Heart attacks, heart failure, and strokes don’t come out of nowhere, a new study concludes. The first time they strike, patients, clinicians, and researchers might think there were no red flags.
But a prospective cohort study reports that more than 99% of people who experienced these illnesses had at least one of four risks for cardiovascular disease. They had “suboptimal” high blood pressure, cholesterol, or blood glucose, or they were current or former smokers. More than 93% of the more than 9.3 million people in two national cohorts followed for 20 years had more than one risk factor.
Among women under 60, often considered to be at lowest risk, more than 95% had at least one nonoptimal risk factor before heart failure or stroke.
This almost universal prevalence of warning signs is far higher than reported in other studies, the new paper asserted.
“Every practicing cardiologist has seen cases in which individuals without any known risk factors sustain an MI or develop significant coronary disease,” Neha Pagidipati of the Duke Clinical Research Institute wrote in a companion editorial, referring to myocardial infarction, or heart attack. “However, the prevalence of CVD without traditional risk factors may be significantly lower than previously described.”
The difference comes down to the definitions, Philip Greenland, a preventive cardiologist at Northwestern University Feinberg School of Medicine and a co-author of the study published Monday in the Journal of the American College of Cardiology, told STAT. There’s a crucial distinction between what the American Heart Association and other medical groups call “optimal” for good health and “clinical” for treatment — and what doctors treat.
Take blood pressure. AHA and others say the optimal level for ideal health is 120/80 mm or lower while the goal is 130/80 mm, meaning it’s the higher scores that usually trigger a discussion about diagnosis and possibly treatment. For blood cholesterol, the optimal total number is 200 mg/dL and clinical is 240; for fasting glucose optimal is 100 mg/dL and clinical is 126. For tobacco, optimal is past or current smoking but clinical is current tobacco use.
Doctors often use a higher clinical threshold before writing a prescription. For blood pressure, it’s 140/90.
“If you use that as your cut point, you’re missing a whole bunch of people in the population who have these levels that are nonoptimal, but not yet at the level that we’re using medication,” Greenland told STAT. “If you look carefully enough, heart attack, stroke, and heart failure are actually not occurring out of blue. People have these risk factors above optimal level and it’s very, very common to have at least two, or three, or four.”
In combination, Greenland said, even relatively modest exposures to nonoptimal blood pressure, cholesterol, blood sugar, and cigarette smoking predispose a person to cardiovascular risk.
“We need to be aware that even risk factor levels that don’t appear to be excessive are not optimal. And that’s a message, not only for doctors, but for patients as well,” Greenland said. “These very, very common nonoptimal levels can be treated. And if treated, should be capable of preventing heart attack, stroke, and heart failure.”
In the JACC study, the proportion of people with at least one clinically elevated risk factor — usually blood pressure — was large, 90% to 95%.
The WHO defines clinical hypertension in adults as systolic blood pressure at or above 140/90 while also saying blood pressure with a top number under 130 but over 120 mmHg isn’t classified as hypertension, but still raises health risks.

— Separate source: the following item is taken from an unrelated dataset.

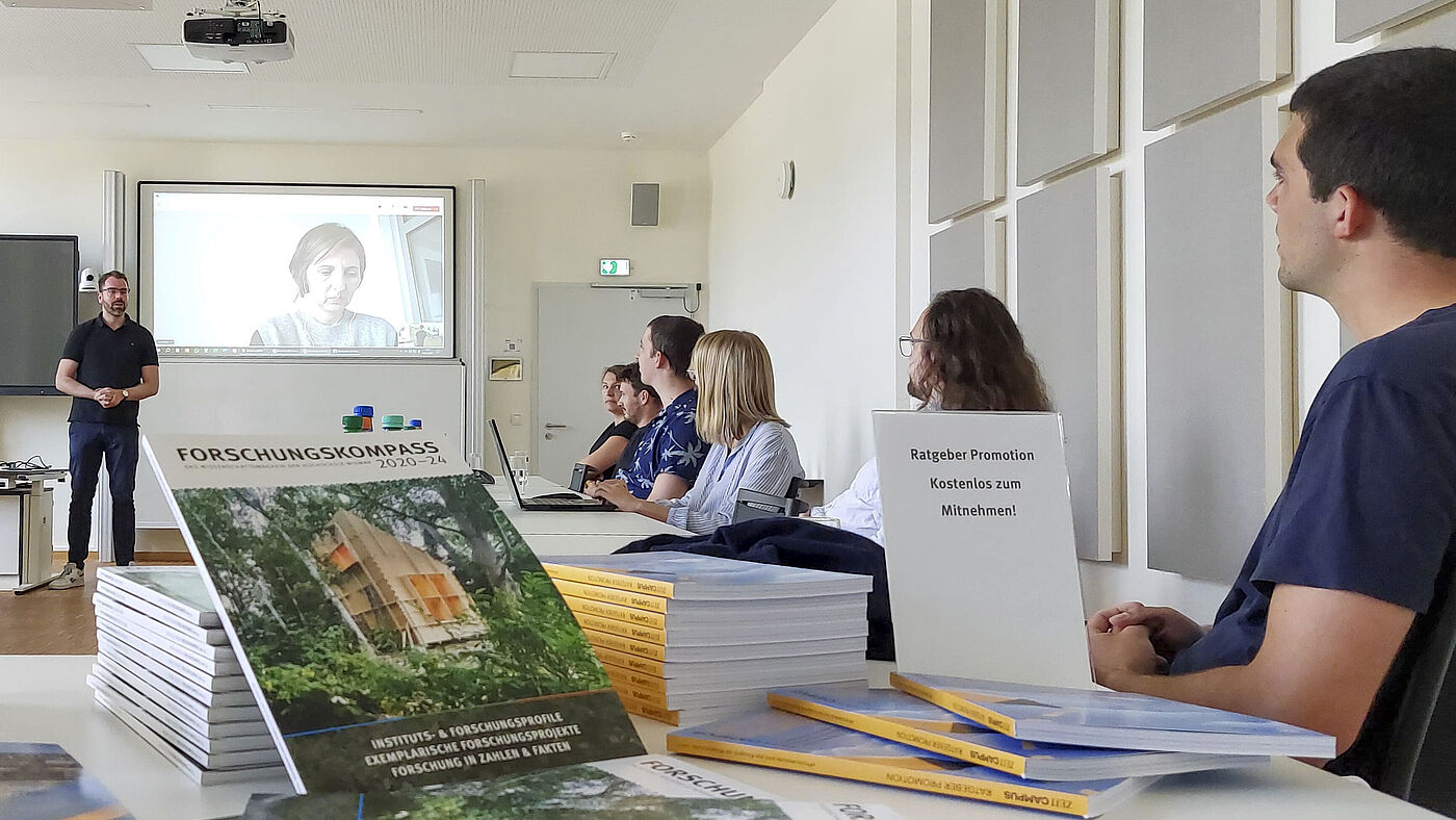 In her presentation, architect Ivett Flores-Núñez (supervisor: Prof. Martin Wollensak) showed how she is developing concrete strategies for the energy transition in the construction sector with her doctoral project “Building Stock – Low Energy Demand Model through Renovation Strategies for the Building Envelope.” The work of Niklas Huhs (supervisor: Prof. Dr.-Ing. habil. Olaf Simanski), on the other hand, contributes to the use of AI in the evaluation of medical data in the context of ambient assisted living, i.e., technology-based support for elderly or vulnerable people in their everyday lives through intelligent systems integrated into the living environment. Lisa Marie Rickerts' doctoral project (supervisor: Prof. Dr.-Ing. Tassilo-Maria Schimmelpfennig) also falls within the field of medical technology. She is working on “Process engineering and technology for the cutting production of individual bone implants” to enable precise adaptation to the individual anatomy of patients.

To understand risk, it also matters where the numbers come from, Greenland said. Researchers relying on medical charts to document a diagnosis may miss a lot of people. People participating in the cohorts studied for the JACC paper came from South Korea, where more than 9.3 million people had risk factors measured every year through the national health system. Nearly 7,000 people in the long-running U.S.-based Multi-Ethnic Study of Atherosclerosis also had their numbers recorded regularly.
Where does that leave patients and doctors?
Karen Joynt-Maddox, a general cardiologist at Washington University in St. Louis who co-directs the Health Services and Health Policy Research Center there, pointed to a health care system in the U.S. that invests far more in treatment than prevention.
“We have much that we could be doing. It’s just that the system is not in place to work like that,” she told STAT. She was not involved in the study. “And so you have exactly what this paper showed, which is people who are showing up with a really terrible thing, the worst day of their life, that some number of those could have been prevented.”
There’s also the nature of high blood pressure.
“No one wants to have a heart attack or a stroke,” she said. “High blood pressure is so intangible in some ways, until it’s not.”